Work item — Retype every entry word for word. Omit the pictures.

Material for the task —

---

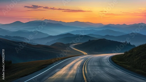 mountain, road, highway, landscape, travel, asphalt, nature, sunrise, journey, drive, route, sky, way, horizon, cloud, speed, rural, empty, background, natural, tree, scenic, scenery, transportation, sunset, car, country, summer, green, hill, countryside, beautiful, traffic, trip, transport, forest, motion, line, environment, tour tourism, light, view, generative, ai
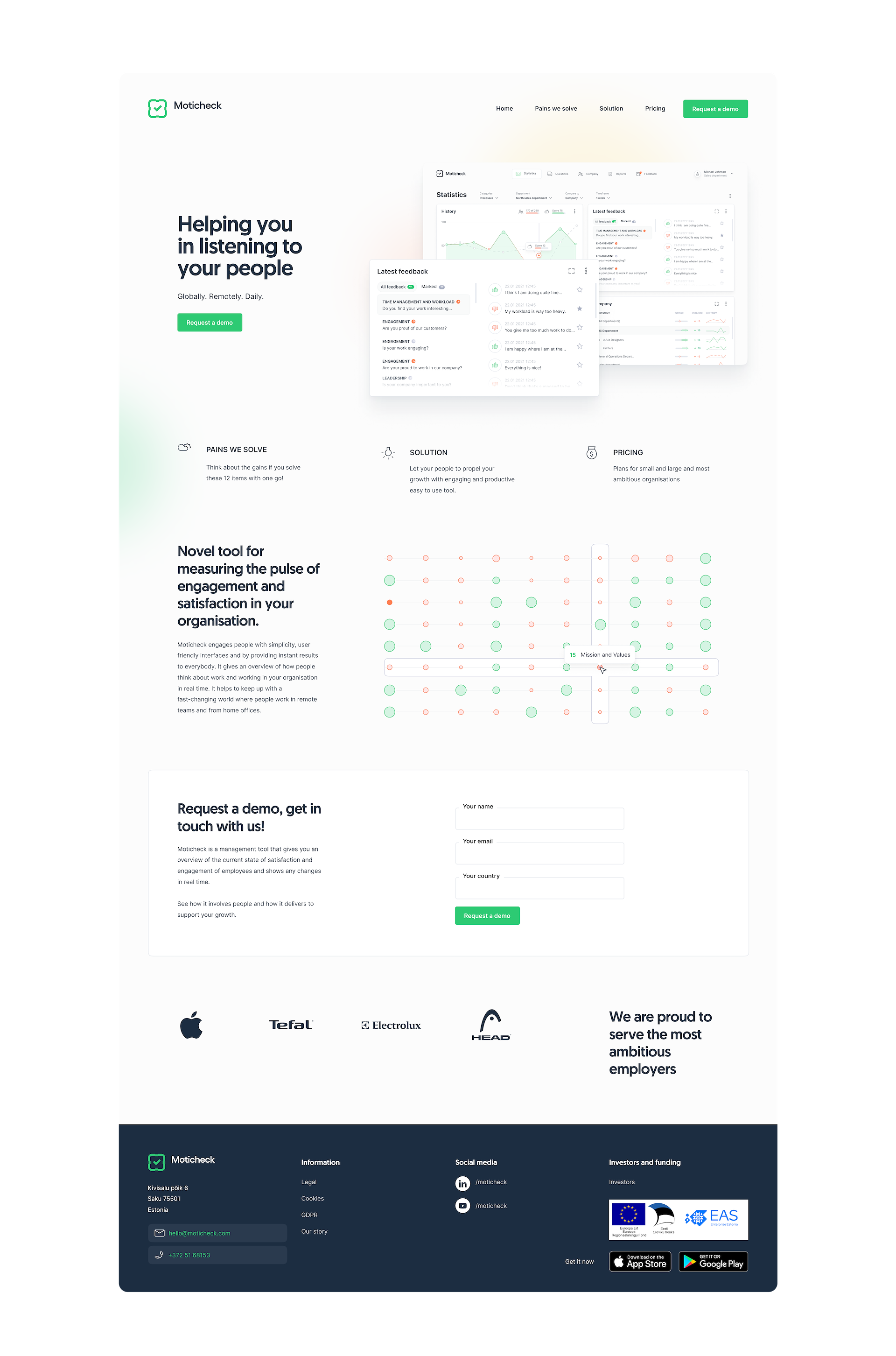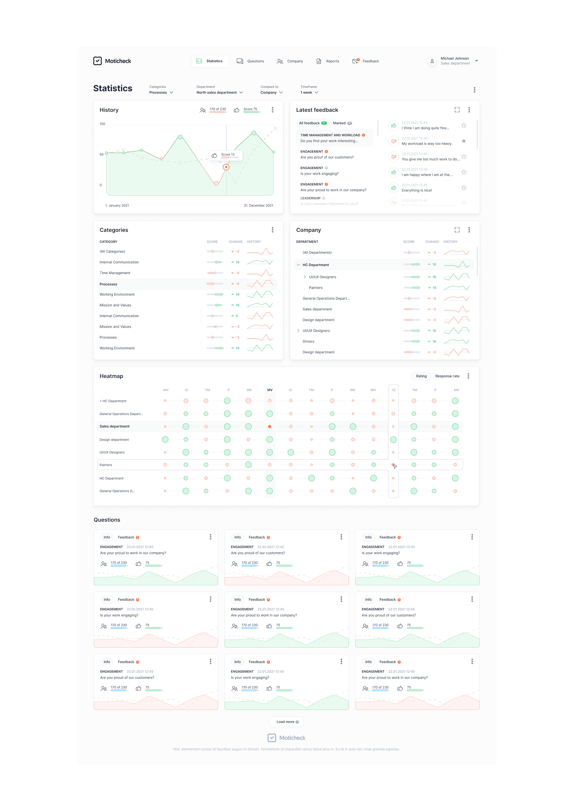 Moticheck kaasab inimesi lihtsuse, kasutajasõbralike liideste ja kõigile koheselt kättesaadavate tulemuste kaudu. See pakub reaalajas ülevaadet töötajate arvamusest töö ja töötamise kohta teie organisatsioonis – temperatuurimuutused meeskondades on kiirelt märgatavad. Suisa visuaalselt.
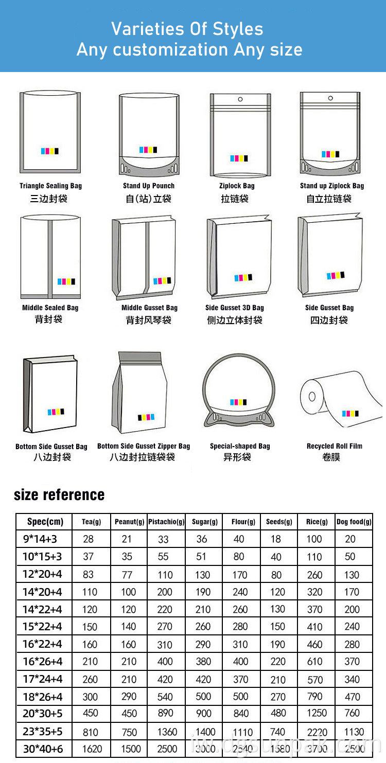 אנו מקבלים גדלים ועיצוב מותאמים אישית. כל שקיות האריזה שלנו מיוצרות בהתאמה אישית על בסיס יצירות האמנות וצורך האריזה שלך.
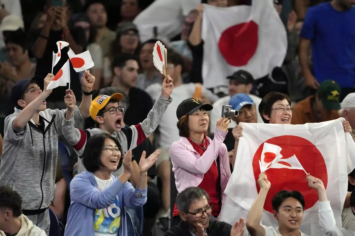 Supporters of Japan's Kei Nishikori react during his first round match against Thiago Monteiro of Brazil at the Australian Open tennis championship in Melbourne, Australia, Sunday, Jan. 12, 2025. (AP Photo/Ng Han Guan)
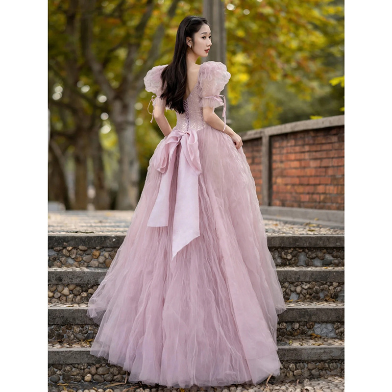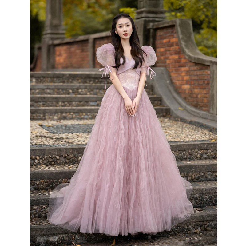 Brownm Pink Evening Dress Women's 2025 New Light Luxury Small Adult Lisson Princess Dress Bubble Sleeves
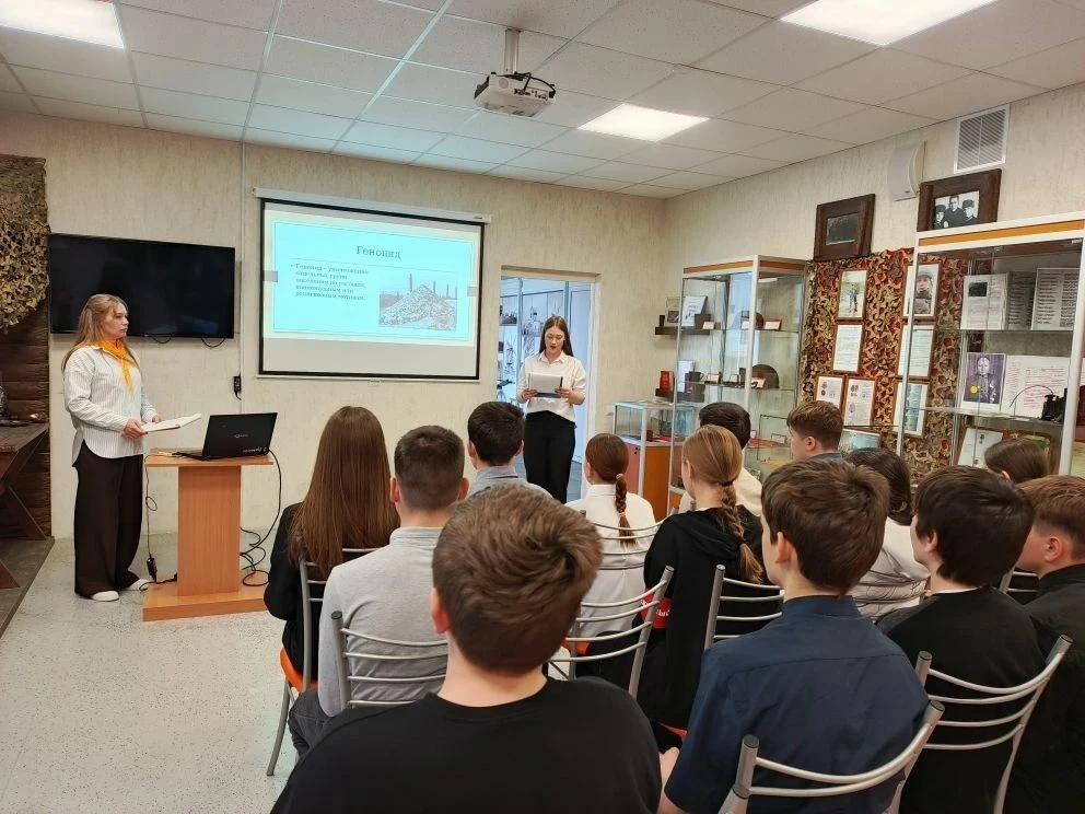 Ребята вместе с педагогами говорили о тяжёлых страницах истории, о преступлениях, которые не должны быть забыты. Для проведения уроков использовались материалы Автономной некоммерческой организации «Агентство социальных технологий и коммуникаций», что помогло сделать разговор максимально предметным и основанным на документальных свидетельствах.

---

Response area —
 mountain, road, highway, landscape, travel, asphalt, nature, sunrise, journey, drive, route, sky, way, horizon, cloud, speed, rural, empty, background, natural, tree, scenic, scenery, transportation, sunset, car, country, summer, green, hill, countryside, beautiful, traffic, trip, transport, forest, motion, line, environment, tour tourism, light, view, generative, ai
 Moticheck kaasab inimesi lihtsuse, kasutajasõbralike liideste ja kõigile koheselt kättesaadavate tulemuste kaudu. See pakub reaalajas ülevaadet töötajate arvamusest töö ja töötamise kohta teie organisatsioonis – temperatuurimuutused meeskondades on kiirelt märgatavad. Suisa visuaalselt.
 אנו מקבלים גדלים ועיצוב מותאמים אישית. כל שקיות האריזה שלנו מיוצרות בהתאמה אישית על בסיס יצירות האמנות וצורך האריזה שלך.
 Supporters of Japan's Kei Nishikori react during his first round match against Thiago Monteiro of Brazil at the Australian Open tennis championship in Melbourne, Australia, Sunday, Jan. 12, 2025. (AP Photo/Ng Han Guan)
 Brownm Pink Evening Dress Women's 2025 New Light Luxury Small Adult Lisson Princess Dress Bubble Sleeves
 Ребята вместе с педагогами говорили о тяжёлых страницах истории, о преступлениях, которые не должны быть забыты. Для проведения уроков использовались материалы Автономной некоммерческой организации «Агентство социальных технологий и коммуникаций», что помогло сделать разговор максимально предметным и основанным на документальных свидетельствах.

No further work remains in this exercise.